• ACTION ITEM:
Please reproduce the data exactly and omit the pictures.

• Records from a collection:
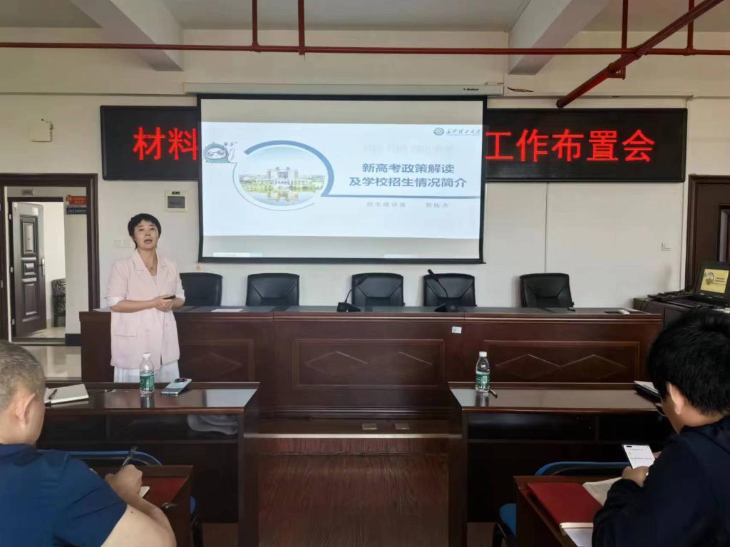 423日,材料学院在新能源一栋302会议室召开新高考政策解读及招生宣传会议,本次会议由招生科主任贺佐杰主讲,学院全体教职工参加。
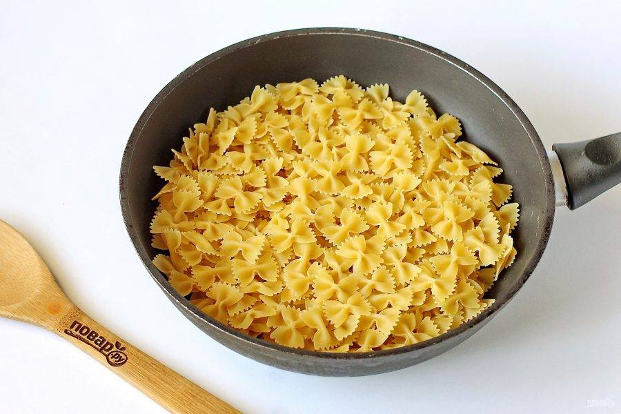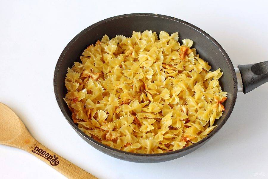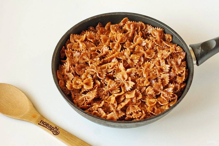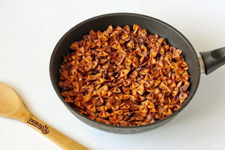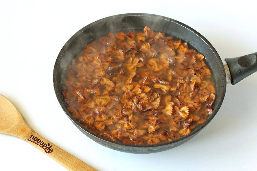 Обжаривайте макароны в течении 4-5 минут на среднем огне, постоянно помешивая (следите, чтобы макароны не подгорали).
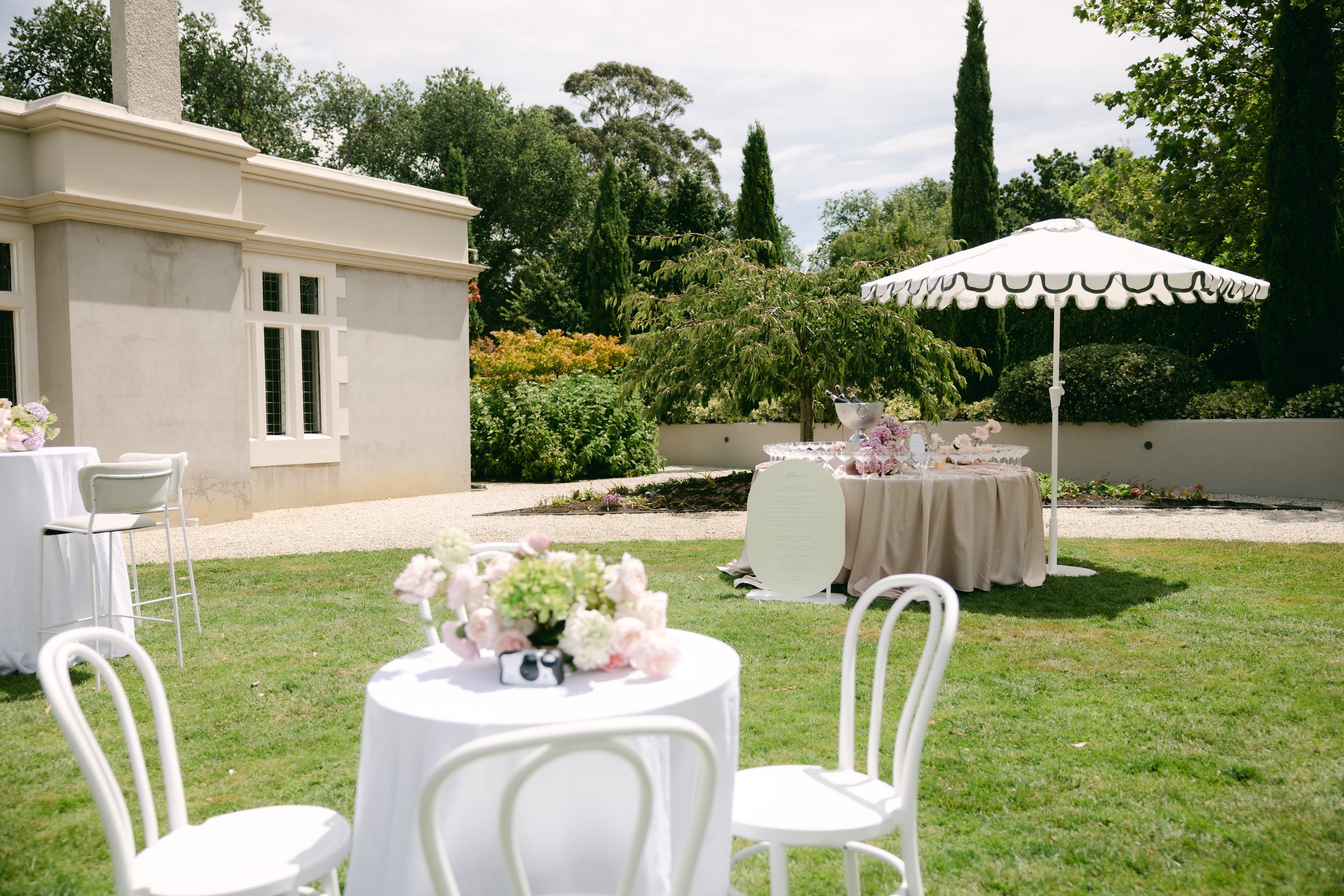 Marquee, styling assets, catering, bus transfers for guests from a central location
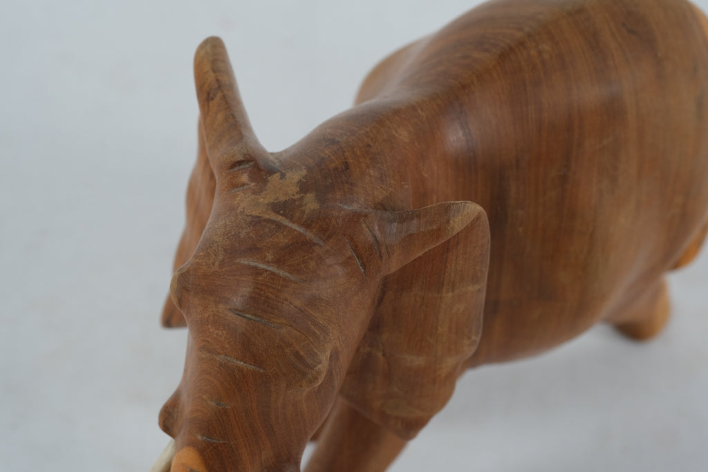 Grade: Very Good – Shows light surface wear and minor age marks consistent with handcrafted wooden pieces; tusks intact and securely in place.
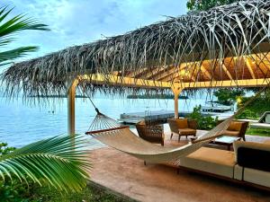 Featuring a private entrance, this spacious villa also is comprised of 1 living room, 4 separate bedrooms and 3 bathrooms with a shower. Guests will find a stovetop, a refrigerator, a dishwasher and kitchenware in the fully equipped kitchen. The villa also has a barbecue. The air-conditioned villa offers a TV with cable channels, a washing machine, a tea and coffee maker, a seating area as well as sea views. The unit offers 5 beds.
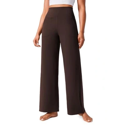 CRZ Yoga Women's Butterlift High Waist Wide Leg Trousers with Pockets 31" Casual Lounge Buttery Soft Pants Hot Fudge Brown 10
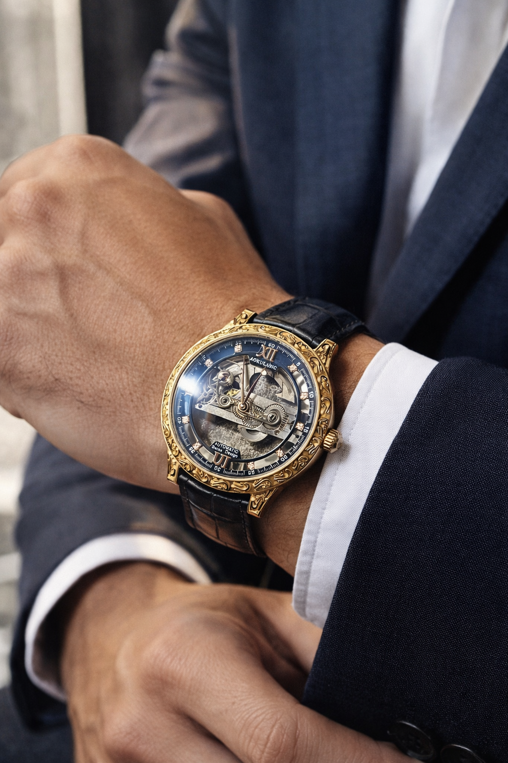 Powered by a fully automatic mechanical movement, the watch operates without batteries, drawing energy from your natural wrist movement. The transparent case back reveals the intricate inner mechanism, highlighting the craftsmanship, balance wheel, and synchronized gear system that define true horological excellence.

• EXERCISE RESULT:
 423日,材料学院在新能源一栋302会议室召开新高考政策解读及招生宣传会议,本次会议由招生科主任贺佐杰主讲,学院全体教职工参加。
 Обжаривайте макароны в течении 4-5 минут на среднем огне, постоянно помешивая (следите, чтобы макароны не подгорали).
 Marquee, styling assets, catering, bus transfers for guests from a central location
 Grade: Very Good – Shows light surface wear and minor age marks consistent with handcrafted wooden pieces; tusks intact and securely in place.
 Featuring a private entrance, this spacious villa also is comprised of 1 living room, 4 separate bedrooms and 3 bathrooms with a shower. Guests will find a stovetop, a refrigerator, a dishwasher and kitchenware in the fully equipped kitchen. The villa also has a barbecue. The air-conditioned villa offers a TV with cable channels, a washing machine, a tea and coffee maker, a seating area as well as sea views. The unit offers 5 beds.
 CRZ Yoga Women's Butterlift High Waist Wide Leg Trousers with Pockets 31" Casual Lounge Buttery Soft Pants Hot Fudge Brown 10
 Powered by a fully automatic mechanical movement, the watch operates without batteries, drawing energy from your natural wrist movement. The transparent case back reveals the intricate inner mechanism, highlighting the craftsmanship, balance wheel, and synchronized gear system that define true horological excellence.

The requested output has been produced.